Simultaneity: there is a feedback relationship between the independent variable and the dependent variable. So whan the error term changes, the subsequent change in Y will cause a change in X. Therefore, both Y and X are changing in response to a change in the error term. In a good model, the independent variables should cause the dependent variable, but not be caused by the dependent variable.
Omitted variables: imagine than an omitted variable Z causes changes in both Y and X. If If Z changes, then Y and X will change, but since the regression does not control for Z, part of the change in Y will be seen as a change in the error term. Thus, both Y and X are correlated with the error term.

3 Monte Carlo

This Monte Carlo simulation runs through 1500 iterations. Each time, the intercept is set to zero and the slope coefficient for the single independent variable is set to six. The independent variables and error terms change in each iteration, so that the value of the dependent variable will also change.
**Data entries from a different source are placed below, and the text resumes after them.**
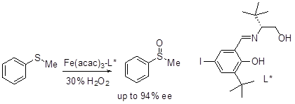 The oxidation of aryl alkyl sulfides has been accomplished using in situ generated Fe(III)-Schiff base complex in the presence of 30% H2 O2 as terminal oxidant (Scheme 8). Addition of benzoic acid as an additive enhances the enantioselectivity significantly.
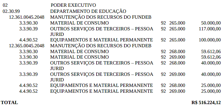 O recurso necessário ao atendimento da dotação acima será coberto com recursos provenientes do saldo do FUNDEB.
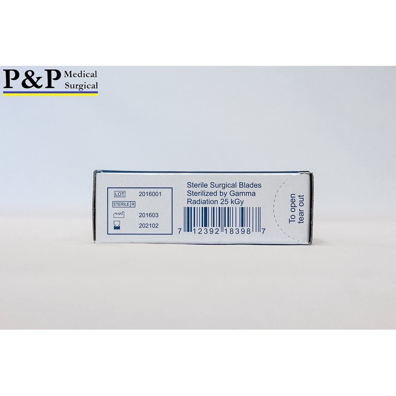 Disposable Surgical Scalpel Blades Sterile High Grade Carbon Steel 2.1% 10xx Individually Foil Wrapped by P&P MEDICAL SURGICAL Size 21 Box of 100
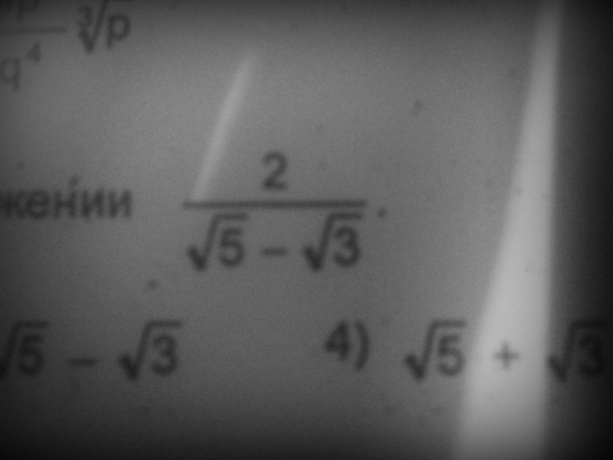 Умножаем числитель и знаменатель на (√5+√3); 2(√5+√3) (/5-3) = 2(√5+√3) /2 = √5+√3.
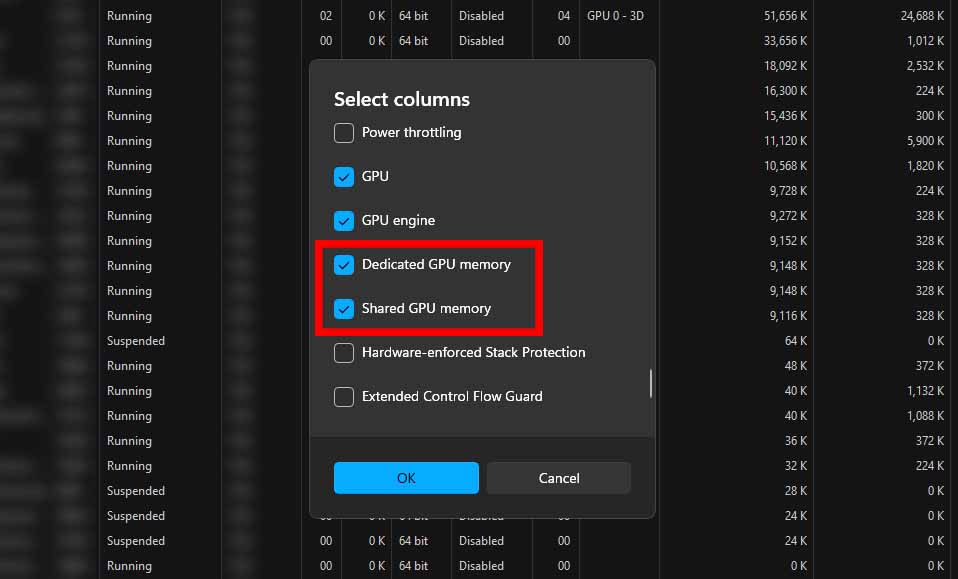 In the “Select Columns” menu, switch to the “Process GPU” tab. Here you can enable several GPU-related memory columns. Tick the GPU Dedicated Bytes (the actual VRAM currently used by the process), GPU System Bytes, and GPU Committed Bytes boxes, and exit the menu by pressing “OK”.

We make two versions of the independent variable: one is correlated with the error term (an endogenous independent variable), the other uncorrelated (an exogenous independent variable). We run two regressions, one with the endogenous independent variable, the other with the exogenous independent variable. Each time we collect the estimated coefficients and standard errors.

#--Monte Carlo: Endogeneity--
#---We make up our data, 1500 times---
#---Since we make the data, we KNOW our coefficients--
#---We estimate the coefficients and compare the estimates with true values--

estcoef<-corvals<-NULL
nobs<-50
truecoef<-6
for (i in 1:1500){
  err<-33*rnorm(nobs) # error term    
  x<-33*scale(rnorm(nobs)) #exogenous independent variable
  q<-33*scale((err+x)) #endogenous independent variable
  y1<-x*truecoef+err
  y2<-q*truecoef+err  
  qe<-cbind(q,err)
  xe<-cbind(x,err)
  corvals<-rbind(corvals,cbind(cor(xe)[1,2],cor(qe)[1,2]))
  z1<-summary(lm(y1~x))
  cf1<-z1$coefficients[2,1]
  se1<-z1$coefficients[2,2]
  z2<-summary(lm(y2~q))
  cf2<-z2$coefficients[2,1]
  se2<-z2$coefficients[2,2]
  estcoef<-rbind(estcoef,cbind(cf1,se1,cf2,se2))
}
estcoef<-data.frame(estcoef)
names(estcoef)<-c("ExogBeta","ExogSE","EndogBeta","EndogSE")

head(estcoef)

##   ExogBeta    ExogSE EndogBeta    EndogSE
## 1 5.992419 0.1412508  6.681724 0.10134476
## 2 5.970979 0.1335238  6.617097 0.09956225
## 3 5.872371 0.1384620  6.623845 0.10678526
## 4 5.995443 0.1345416  6.633798 0.09865664
## 5 6.071863 0.1181713  6.554076 0.08761402
## 6 6.060252 0.1336216  6.654270 0.09493291

First we want to verify that the endogenous variable is indeed correlated with the error term, and the exogenous variable is not.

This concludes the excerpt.